We are wont to revert to the scenes of earlier years in old age, and there are many who walked the shady streets of Elizabethtown in the days when the South's secession was being talked over who retain in their memories the picture of a tall old gentleman of commanding figure, with white locks gleaming from under his hat and an army coat thrown over one shoulder, shaking his head sadly to groups of friends at the street corners, and saying, " It will never do! It will never do!"

General Scott was very fond of society, and rarely sat down to a meal without company. During his periods of residence at Hampton Place the visitors' roll contained names representing celebrities from all over the country and abroad, who journeyed to gaze on the laurel-crowned hero. He was always very fond of the conversation of intelligent and refined women, and was especially gallant and courteous to old ladies. From the time of his young manhood, when touring abroad and meeting the aged Lady Frankland, our own Rebecca Franks, one of the Tory belles of the Meschianza, to whom his graceful compliments were so pleasing, until his death, he was a maker of pretty speeches. These were the more appreciated by their recipients, as the general opinion was that his manners were rather gruff, owing to a haughty nervous temperament which never bore contradiction with any show of compliance. A story illustrating his gallantry is related of a lady, the widow of one of his former aides, that once, on receiving the same compliment he had paid her on many occasions, --"Madam, you are as beautiful as the morning," --she smilingly replied, "Nay, general, you are a flatterer, for your sun never gets any higher or lower, --wrinkles and dim eyes go best, unfortunately, with the evening."

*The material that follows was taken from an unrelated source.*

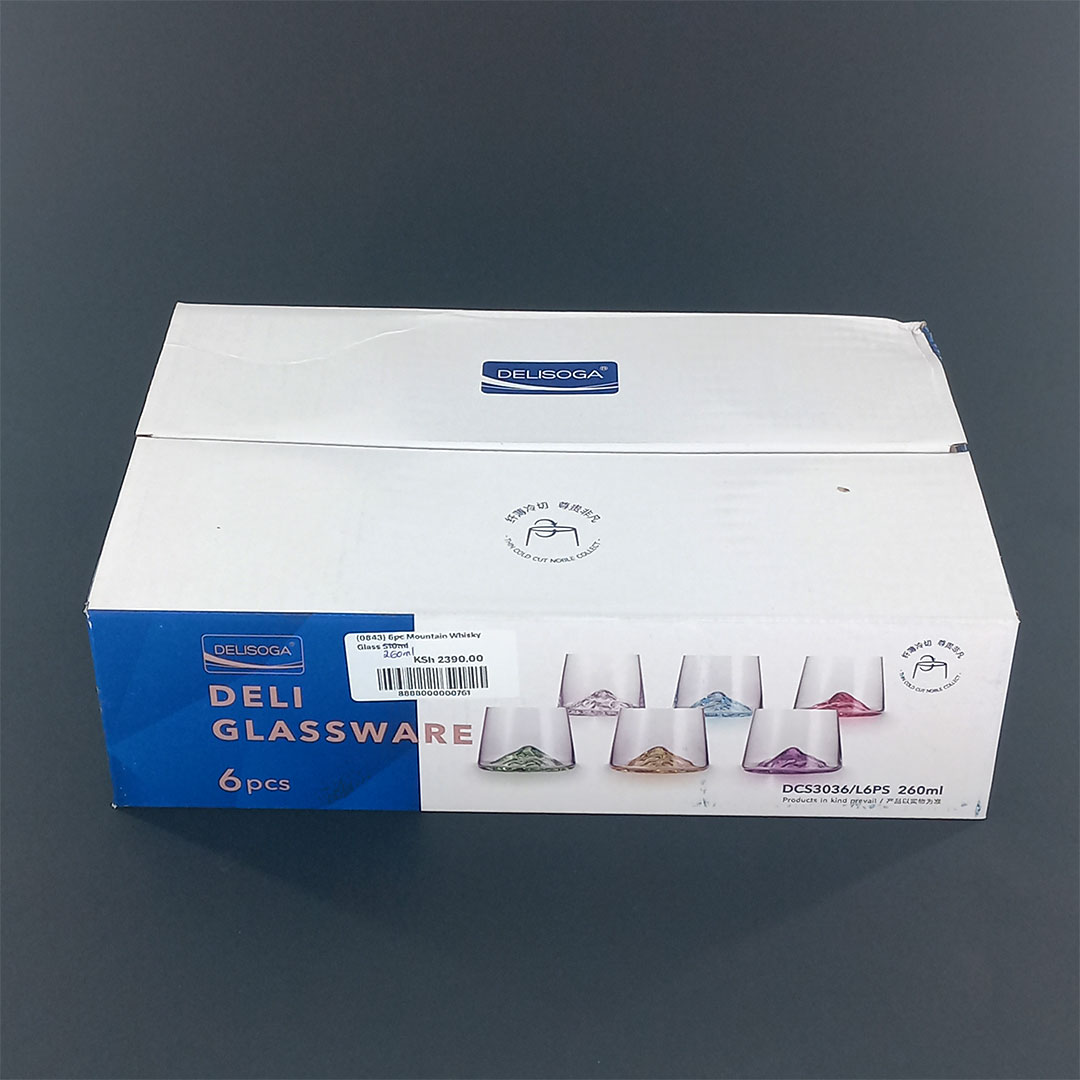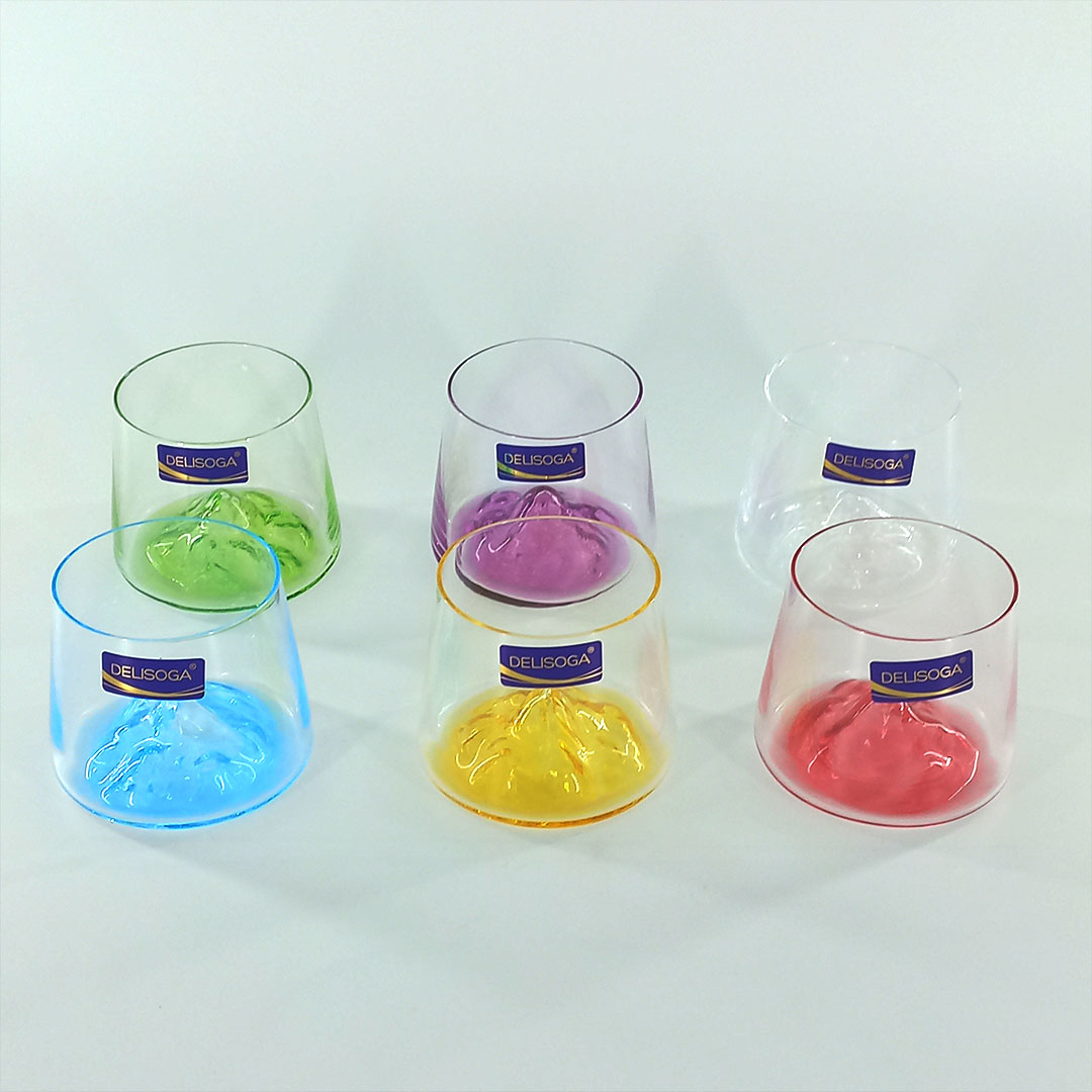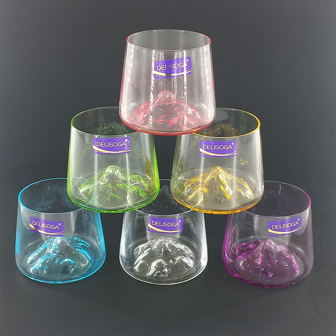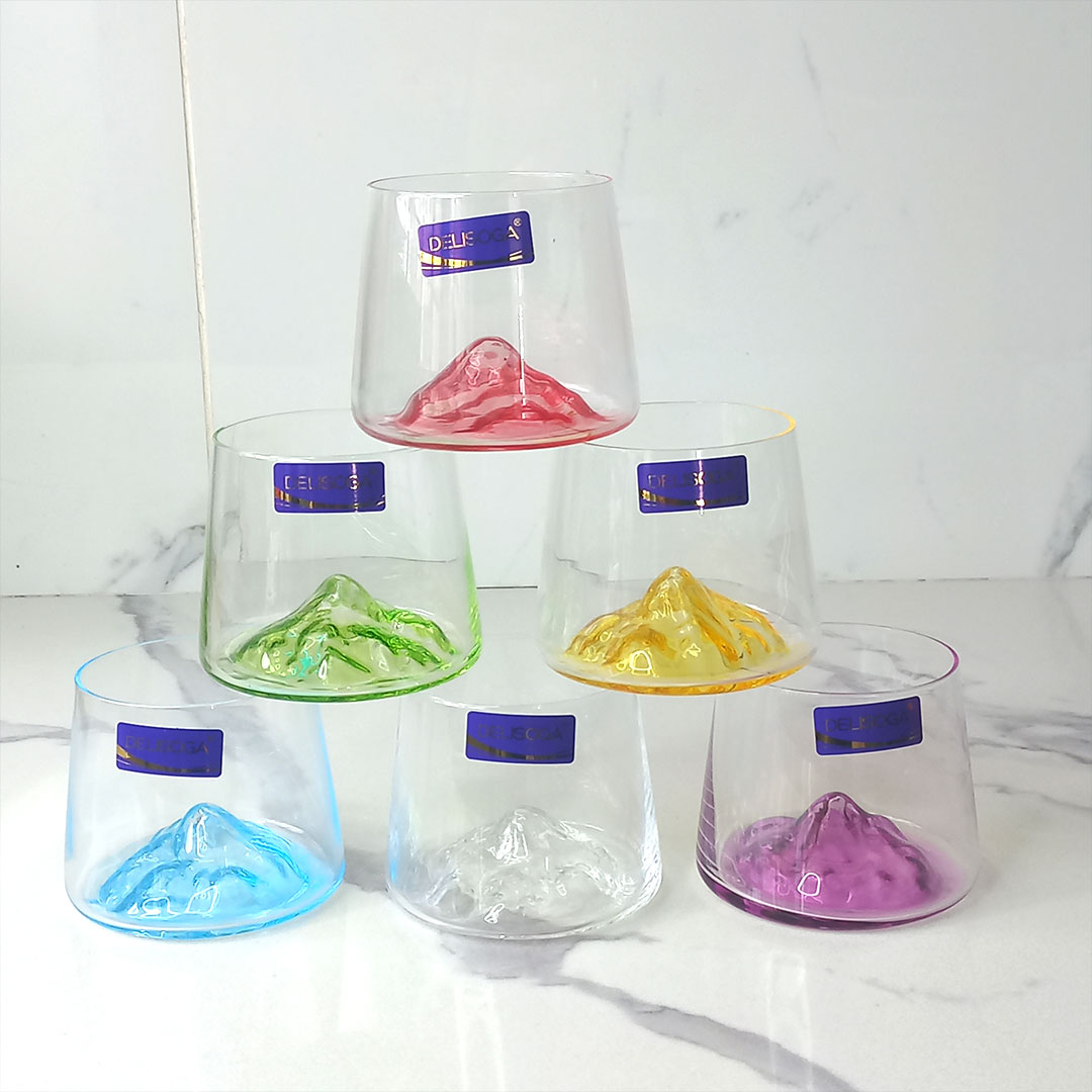 6pc 260ml Mountain Whisky Glass – Colorful Base Design

General Scott was a loyal son of his native State, Virginia, and to a chance visitor at Hampton Place, who asked if he was born in New England, he is said to have shown the door. The lovely Virginia belles who used to adorn his balcony the last summer he spent in Elizabeth, before his retirement from the army at the outbreak of the Civil War, are still talked of by old Elizabethans. To enter his heart one only needed to talk of old Dinwiddie County, whose every product he lauded above all others. He was very fond of his horses and dogs, and quite fitting for the final words of a soldier and a true Virginian was his last whispered message to his old coachman before death robbed America of its greatest general at the West Point Hotel in the spring of 1866, -- " Peter, take good care of my horse."

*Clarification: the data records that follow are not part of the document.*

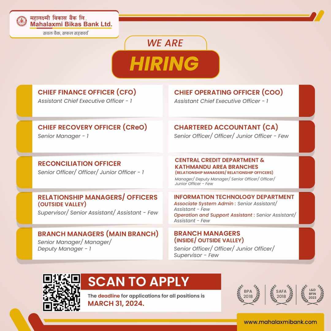 काठमाडौं । महालक्ष्मी विकास बैंकले विभिन्न पदहरुका लागि कर्मचारी माग गरेको छ । बैंकले चिफ फाइनान्स अफिसरका लागि, चिफ रिकभरि अफिसर, रिसकन्सीलेशन अफिसर, रिलेशनसिप म्यानेजर, ब्रान्च म्यानेजर, चिफ अपरेटिङ अफिसर, एकाउन्टेन्ट, सेन्ट्रल क्रेडिट डिपार्टमेन्ट, इन्फरमेशन टेक्नोलोजी डिपार्टमेन्टका लागि केही संख्यामा कर्मचारी माग गरेको हो । इच्छुक तथा योग्यता पुगेकाले चैत १८ गते भित्र कार्यालय समयमा आवेदन दिनुपर्नेछ ।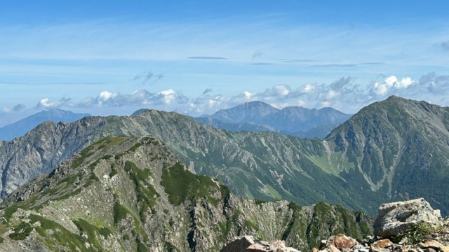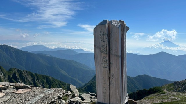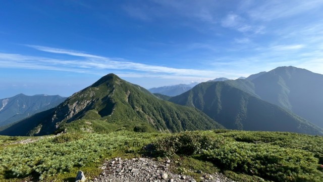 私から見た山容は「どっしりしている」の一言。周回なので聖岳と赤石岳に圧倒されっぱでした。チームの皆さんありがとうございました。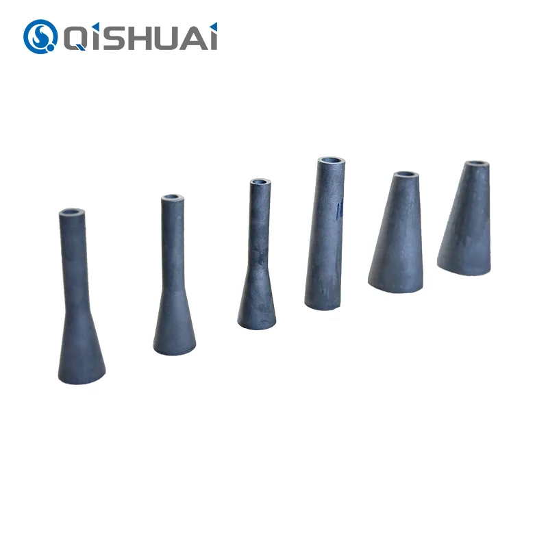 A Shandong Qishuai Wear-Resistant Equipment Co., Ltd. nagy tisztaságú szilícium-karbid anyagokból gyárt Sic fúvókákat. A gyártás fejlett szinterezési technikákat alkalmaz. Ez az anyag kivételes keménységet mutat. A keménység erős kopásállóságot biztosít. A fúvókák kiváló teljesítményt mutatnak a nagy kopással járó feladatoknál. Ezek a feladatok közé tartozik a homokfúvás, a permetezés és a vágás. Kis mennyiségben a szilícium-karbid kristályok formájában stabil szerkezetet tartalmaz. A szerkezet erős kötést tartalmaz az atomok között. Ez lehetővé teszi a szemcserészecskék ütésállóságát. Lehetővé teszi ezeknek a részecskéknek a kopásállóságát. A hatás az, hogy a kopás mértéke jelentős csökkenést mutat.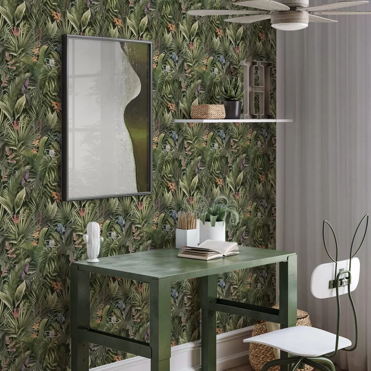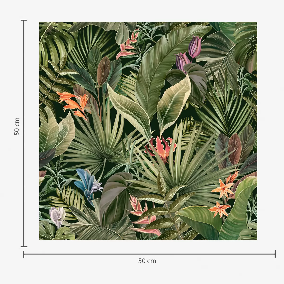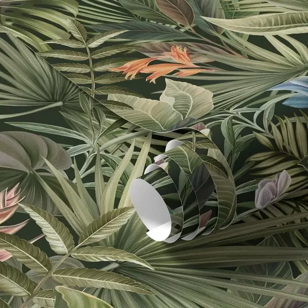 Tapeta Tropické listy s květy na tmavém pozadí Nr. a01153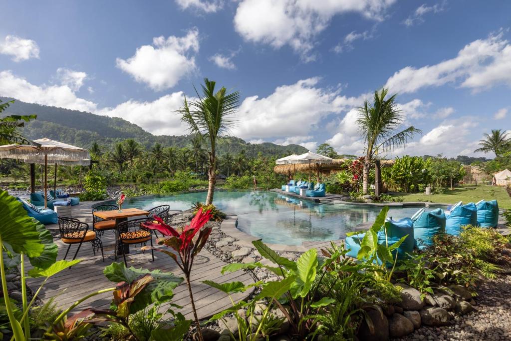 The New of luxury pool tent room in Sidemen offers a premium glamping experience with a modern design. Featuring a spacious king-size bed, this tent provides a comfortable and private retreat surrounded by nature. Enjoy your own private pool while taking in the beautiful views of the rice fields or garden. The tent's design combines luxury and simplicity, providing a tranquil environment to relax and unwind.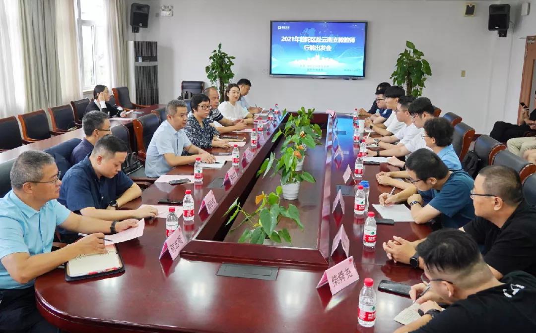 當天上午,9位普陀區選派的云南重點幫扶地區支教教師懷著激動的心情,與普陀區合作交流辦、普陀區教育局,昆明市鄉村振興局,昆明市尋甸縣、祿勸縣、東川區等各方負責人共聚一堂,就即將開展的支教工作進行深入交流。與會領導還為支教教師發放了慰問品。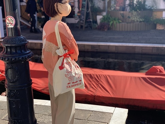 スイマーの巾着トートバックがすごいんです。なにかと荷物が増えがちな時にも役に立って、ペットボトルもすっぽり入る!そのうえ巾着のように上部が絞れるから中身もぽろぽろ飛び出さない。機能性抜群で可愛いスイマーの巾着トートバックをとりあえず見てください♪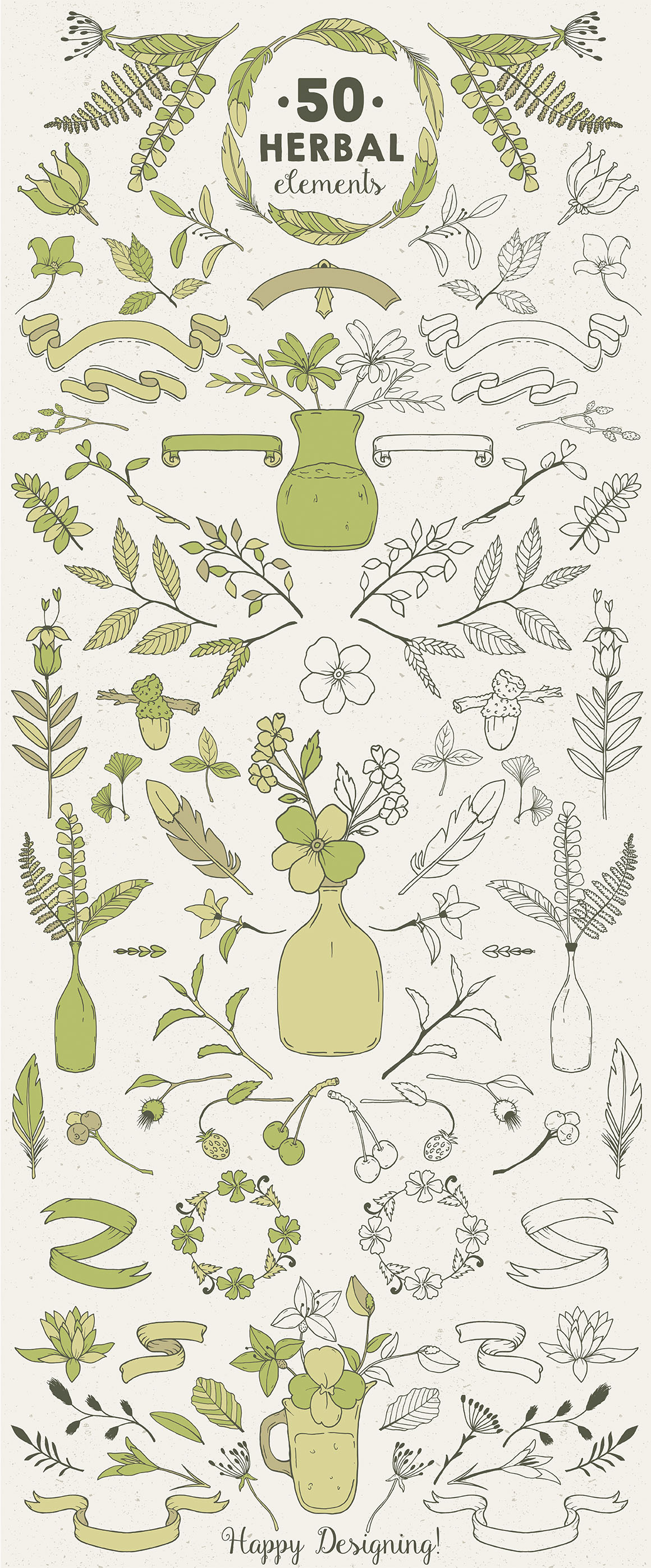I’m happy to present you a vector Herbal Mini Pack of Logos & Elements created in collaboration with TREASURE BOX. We’ve packed the kit with 6 premade logos and 50 unique hand drawn graphic elements. You’ll find a lot of carefully crafted herbal elements, ribbons, flowers, plants, branches, and feathers. Outlined versions are not counted. In my opinion you can use the pack to create unique greeting cards, logos, branding identities or simply decorate your blog. In this bundle: 6 Logo Templates, 50 Hand Drawn Elements, BONUS: 15 Vector Textures.

Among the other distinguished occupants of Hampton Place in later years was Mr. Archibald Gracie, son of the old New York merchant of that name. The Gracies were related to the King family, of Highwood, and President Charles King of Columbia College was a warm friend and frequent visitor of General Scott. Its last owner for a number of years has been Mr. R. W. Woodward, to whose unfailing kindness and interest in its history many a frequenter of Elizabeth is indebted.